DATA FOR REVIEW:
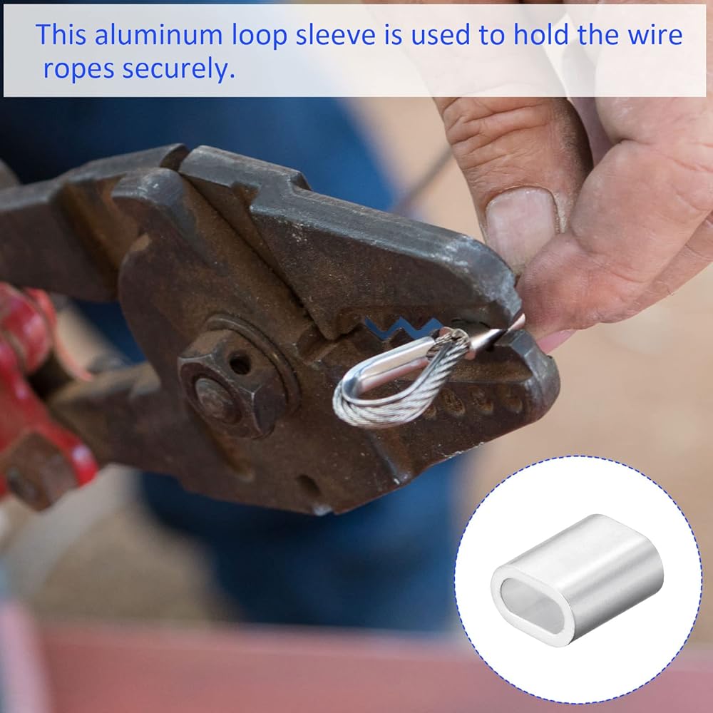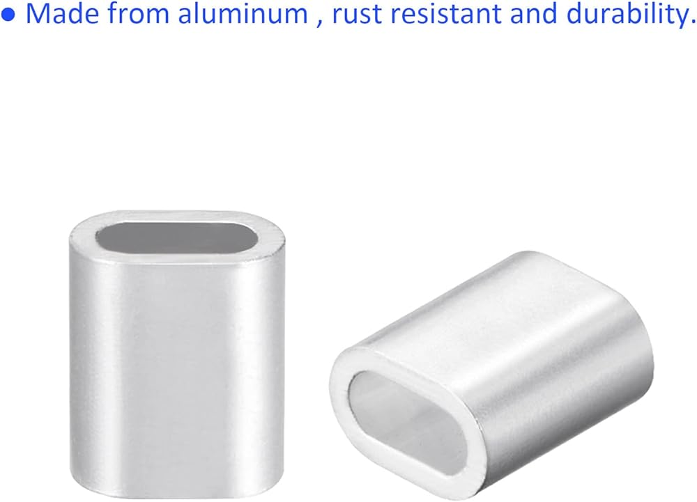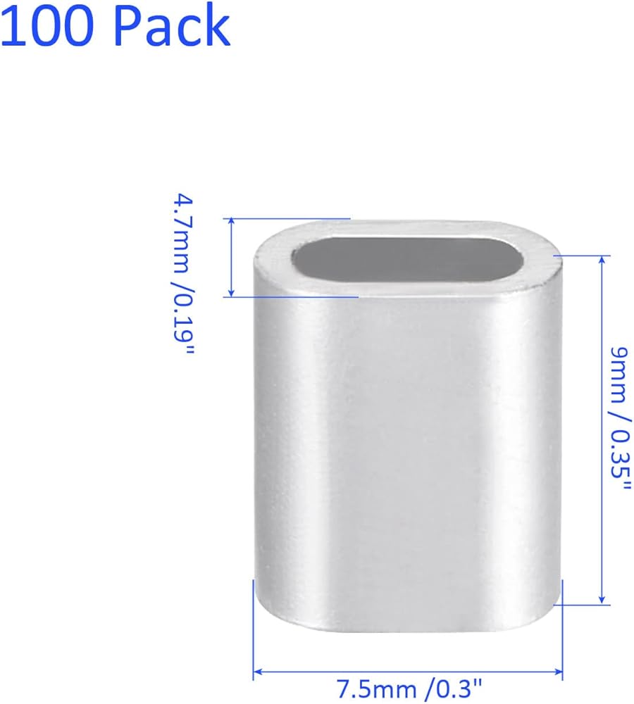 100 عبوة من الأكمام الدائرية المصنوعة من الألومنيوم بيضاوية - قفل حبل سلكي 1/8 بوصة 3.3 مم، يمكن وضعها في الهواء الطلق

* * *

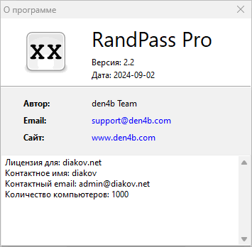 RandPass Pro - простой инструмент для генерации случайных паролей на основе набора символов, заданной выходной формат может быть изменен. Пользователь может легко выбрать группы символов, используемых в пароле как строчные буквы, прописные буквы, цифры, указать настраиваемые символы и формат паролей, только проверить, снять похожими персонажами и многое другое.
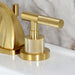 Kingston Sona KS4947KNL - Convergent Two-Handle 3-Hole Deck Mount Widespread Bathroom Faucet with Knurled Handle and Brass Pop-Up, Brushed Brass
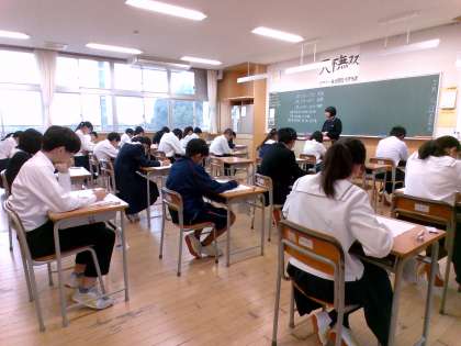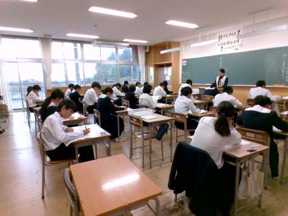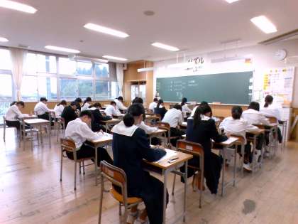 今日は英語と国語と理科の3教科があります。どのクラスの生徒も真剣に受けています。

==

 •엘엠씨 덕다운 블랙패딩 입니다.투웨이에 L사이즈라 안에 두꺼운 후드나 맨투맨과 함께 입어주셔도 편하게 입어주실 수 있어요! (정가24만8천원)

WHAT YOU ARE ASKED TO DO: Transcribe only the lines above that start at the line containing "Kingston Sona KS4947KNL" and end at the line containing "今日は英語と国語と理科の3教". Omit pictures.

RESPONSE BOX:
 Kingston Sona KS4947KNL - Convergent Two-Handle 3-Hole Deck Mount Widespread Bathroom Faucet with Knurled Handle and Brass Pop-Up, Brushed Brass
 今日は英語と国語と理科の3教科があります。どのクラスの生徒も真剣に受けています。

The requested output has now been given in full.